(Input material begins)

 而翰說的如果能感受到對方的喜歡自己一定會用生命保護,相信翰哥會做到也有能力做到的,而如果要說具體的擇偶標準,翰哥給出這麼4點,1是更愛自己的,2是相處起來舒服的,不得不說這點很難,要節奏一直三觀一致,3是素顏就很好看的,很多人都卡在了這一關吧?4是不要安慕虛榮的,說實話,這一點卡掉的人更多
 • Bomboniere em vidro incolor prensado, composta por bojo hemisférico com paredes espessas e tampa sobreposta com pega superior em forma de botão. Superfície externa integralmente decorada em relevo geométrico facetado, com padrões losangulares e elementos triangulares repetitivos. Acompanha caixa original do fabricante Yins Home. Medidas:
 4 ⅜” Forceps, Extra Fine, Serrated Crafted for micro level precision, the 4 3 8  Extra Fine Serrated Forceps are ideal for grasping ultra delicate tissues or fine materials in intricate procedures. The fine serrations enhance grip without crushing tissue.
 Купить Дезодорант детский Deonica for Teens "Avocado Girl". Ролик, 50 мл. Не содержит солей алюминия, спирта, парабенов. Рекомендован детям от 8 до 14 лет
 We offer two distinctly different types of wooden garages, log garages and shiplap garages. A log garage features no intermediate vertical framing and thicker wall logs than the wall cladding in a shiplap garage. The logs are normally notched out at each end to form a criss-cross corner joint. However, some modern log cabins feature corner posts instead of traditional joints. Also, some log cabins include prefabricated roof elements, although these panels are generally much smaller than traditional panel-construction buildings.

(Input material ends)

Required work:
Repeat, exactly as they stand, the line that contains "without crushing tissue." and all the lines after it in the data above.

Response box:
 4 ⅜” Forceps, Extra Fine, Serrated Crafted for micro level precision, the 4 3 8  Extra Fine Serrated Forceps are ideal for grasping ultra delicate tissues or fine materials in intricate procedures. The fine serrations enhance grip without crushing tissue.
 Купить Дезодорант детский Deonica for Teens "Avocado Girl". Ролик, 50 мл. Не содержит солей алюминия, спирта, парабенов. Рекомендован детям от 8 до 14 лет
 We offer two distinctly different types of wooden garages, log garages and shiplap garages. A log garage features no intermediate vertical framing and thicker wall logs than the wall cladding in a shiplap garage. The logs are normally notched out at each end to form a criss-cross corner joint. However, some modern log cabins feature corner posts instead of traditional joints. Also, some log cabins include prefabricated roof elements, although these panels are generally much smaller than traditional panel-construction buildings.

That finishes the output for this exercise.